Prompts are central to the product's functionality; they determine how effectively data is interrogated across different repositories. Base prompts apply universally while specialized prompts cater to specific repository types.

Enhancing Prompt Efficiency

Contextual Injection Between Prompts

The system allows results from higher-level prompts to inform lower-level ones, enhancing context and improving overall analysis quality. This sequential prompting strategy optimizes information retrieval.

Structure of Prompt JSON

A detailed overview of the prompt JSON structure reveals its role in organizing shared repository information. The core directory contains essential base prompts crucial for effective operation.

Understanding Prompt Management and Optimization

Importance of Versions in Prompts

The discussion highlights the significance of prompt versions, noting that changes to a prompt version can trigger a workflow run even without new commits.

This optimization is designed to save tokens by only executing prompts that have changed or when code modifications occur.

Caching Mechanisms

The system utilizes caching mechanisms such as DynamoDB or local files to enhance efficiency, running only specific prompts if they have been altered.

There is mention of prompt inheritance and tagging based on file types, which aids in context chaining for more effective security checks.

Investigation Process

Investigating a repository typically takes between 10 to 15 minutes, with shorter times for smaller repositories. Costs range from $0.30 to $1.00 depending on the model used.

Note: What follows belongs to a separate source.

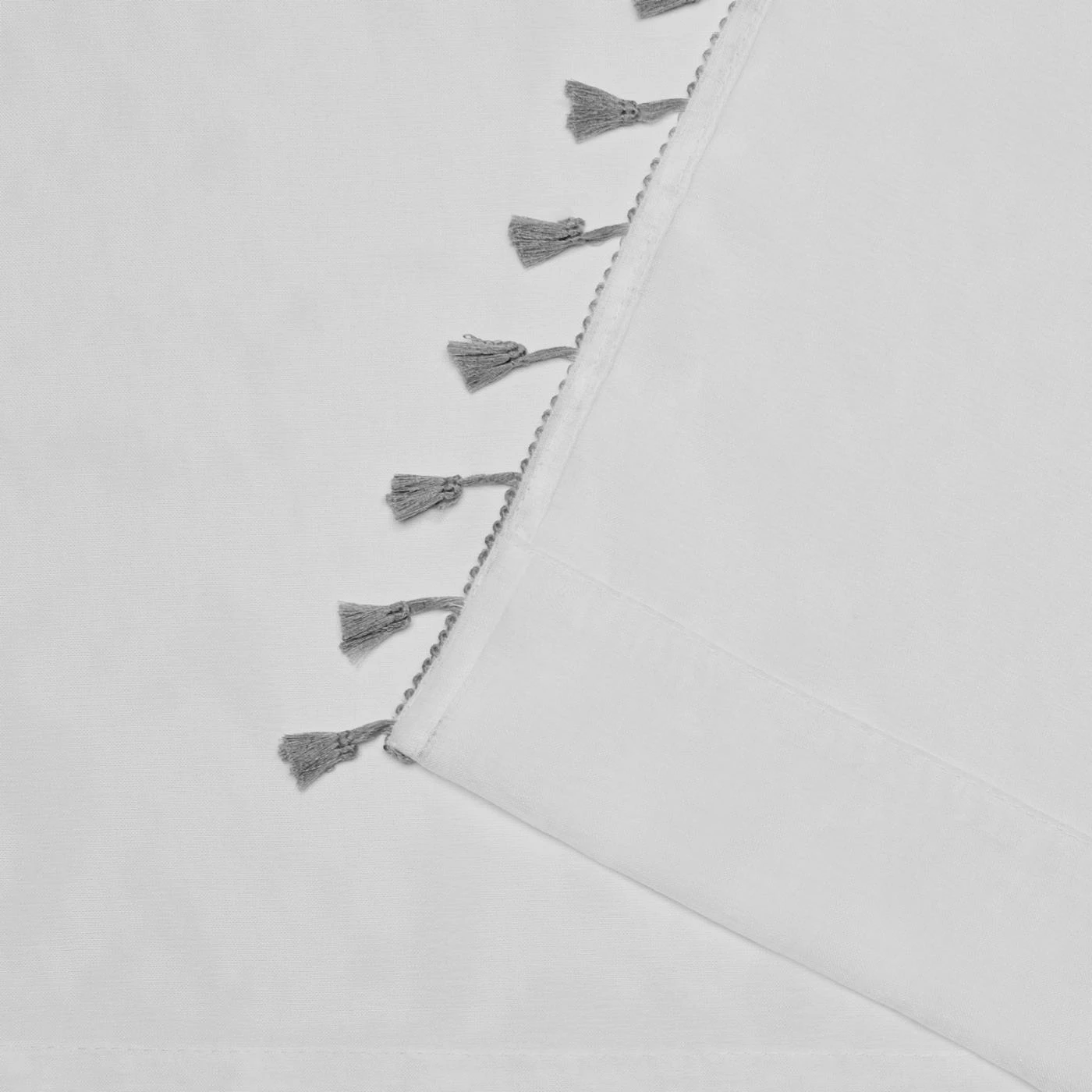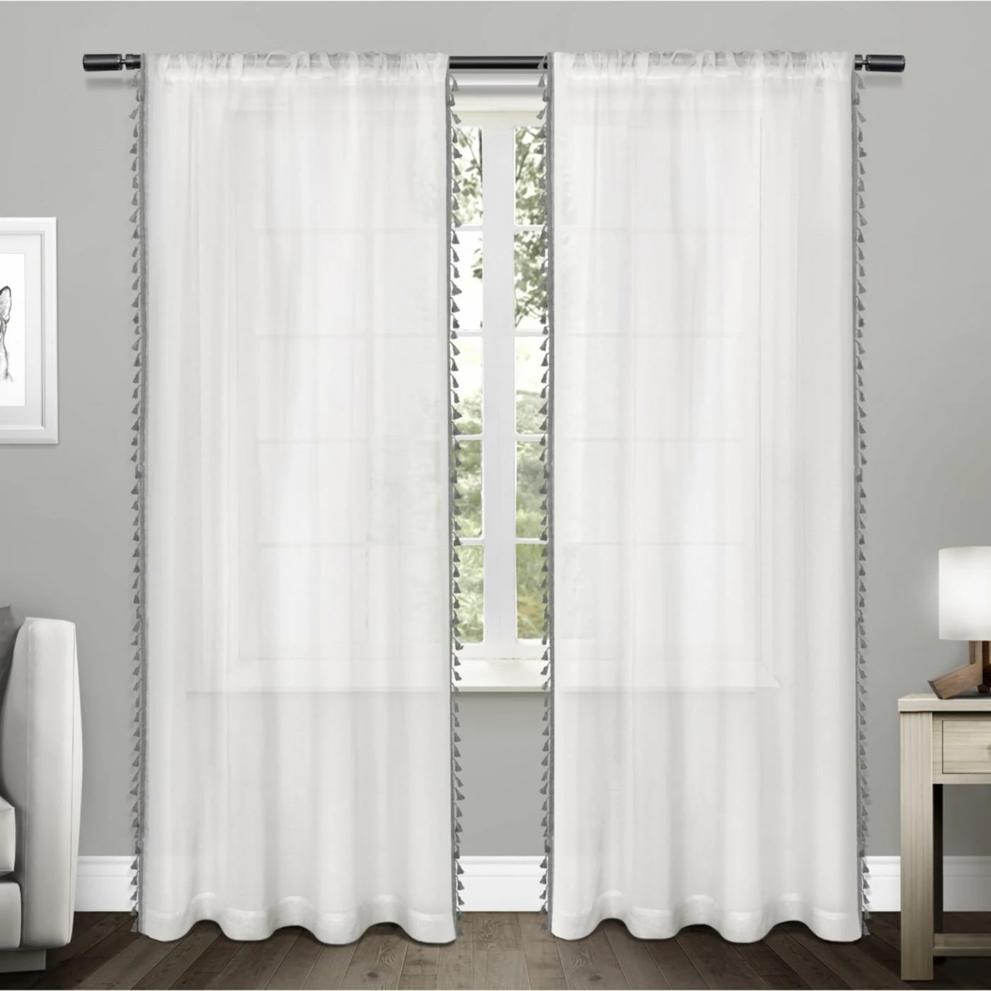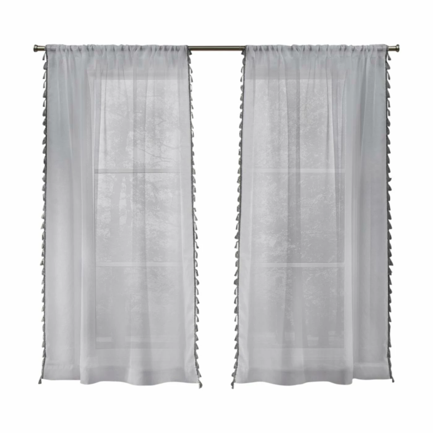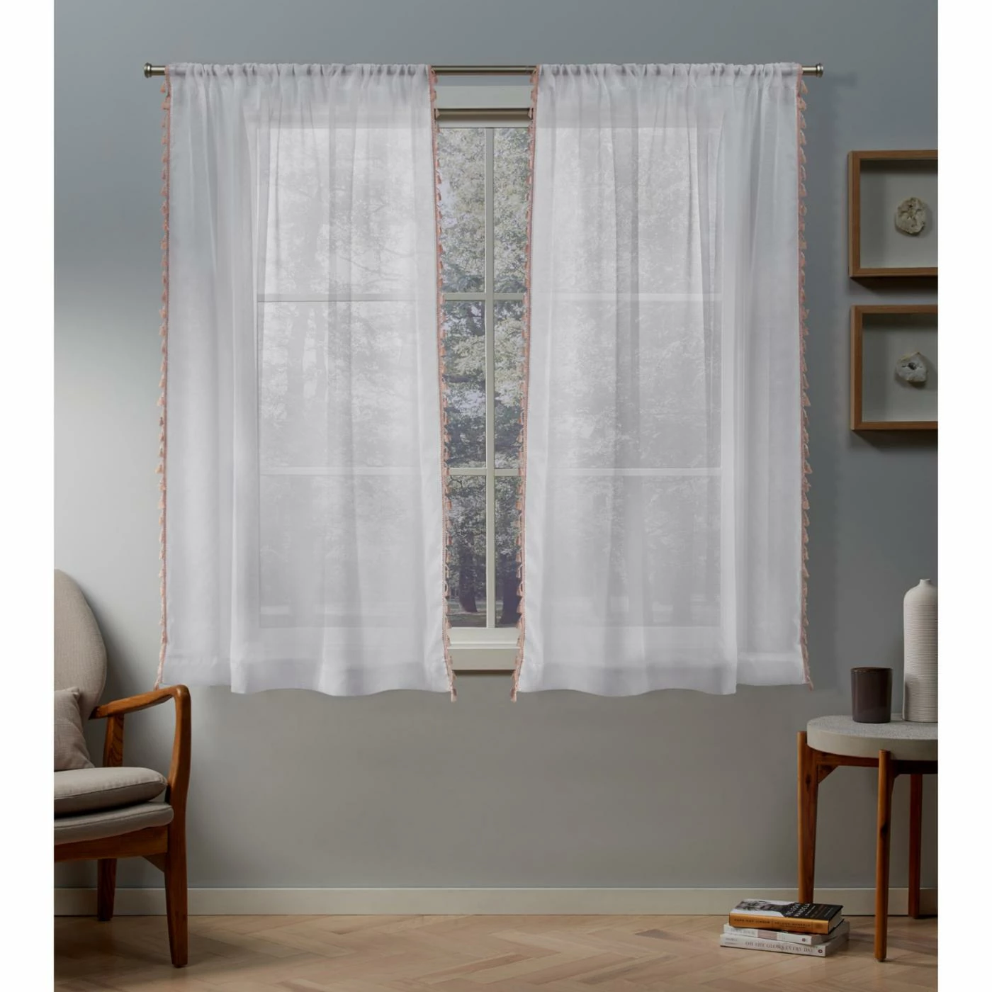 For a boho chic touch, the sheer white Exclusive Home Tassels Rod Pocket Curtain Panel Pair is embellished with applique tassel borders in your choice of available color. You’ll love the personality and pop of color these sheer curtains bring your room. Choose from the available tassel color and size options.

Plans are underway to improve logging during investigations, enhancing transparency and tracking.

Future Developments

Future enhancements include integrating Slack notifications for critical updates and automating documentation indexing for easier querying without direct access.

Cross-repository reasoning aims to allow investigations across multiple repositories simultaneously, verifying dependencies and facilitating future agent interactions.